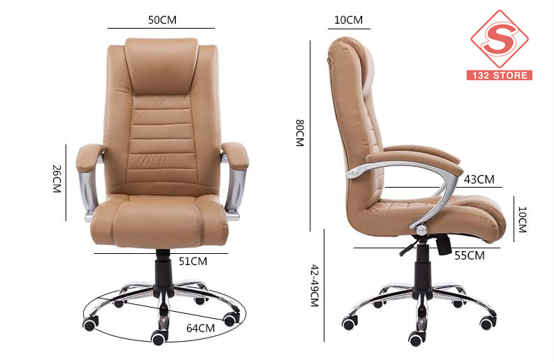 商品規格 尺寸: 見下圖 組裝難度: 簡單 坐面材質: 皮藝 是否可升降: 是 是否可旋轉: 是 是否支持人體工程學: 是 凳腳材質: 鋼制腳 顏色: 粉紅色、卡其色、黑色、啡色
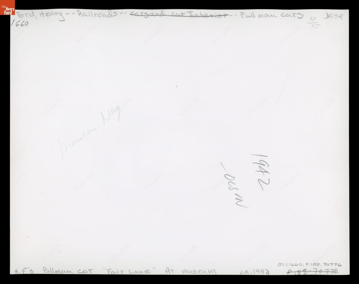 Henry Ford's Private Railroad Car, "Fair Lane," outside Henry Ford Museum, November 12, 1942
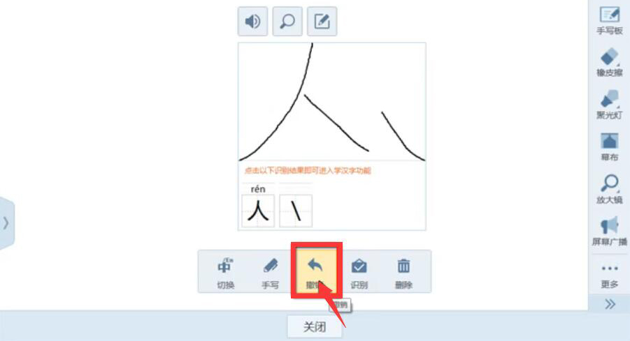 4、接下来,在AiClass手写板中点击“撤销”的按钮,即可将手写有误的笔画给撤销。
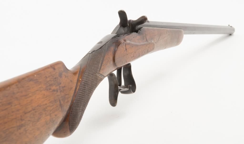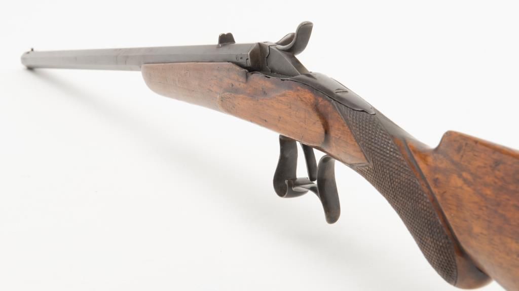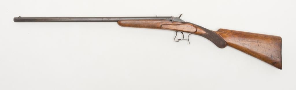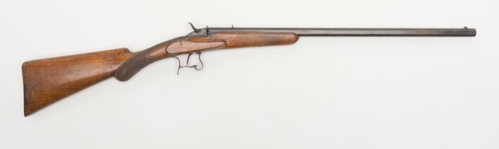 European Flobert single shot rifle, .22 cal., 22-1/2” octagon barrel, re-blued finish, checkered wood stock, #624 in overall good condition with a crisp action, good wood, dark bore. (Antique). Est.: $100-$175.

════════════════

*Work instruction*
Please return the whole listing exactly. Do not copy its images.

*Exercise output*
 商品規格 尺寸: 見下圖 組裝難度: 簡單 坐面材質: 皮藝 是否可升降: 是 是否可旋轉: 是 是否支持人體工程學: 是 凳腳材質: 鋼制腳 顏色: 粉紅色、卡其色、黑色、啡色
 Henry Ford's Private Railroad Car, "Fair Lane," outside Henry Ford Museum, November 12, 1942
 4、接下来,在AiClass手写板中点击“撤销”的按钮,即可将手写有误的笔画给撤销。
 European Flobert single shot rifle, .22 cal., 22-1/2” octagon barrel, re-blued finish, checkered wood stock, #624 in overall good condition with a crisp action, good wood, dark bore. (Antique). Est.: $100-$175.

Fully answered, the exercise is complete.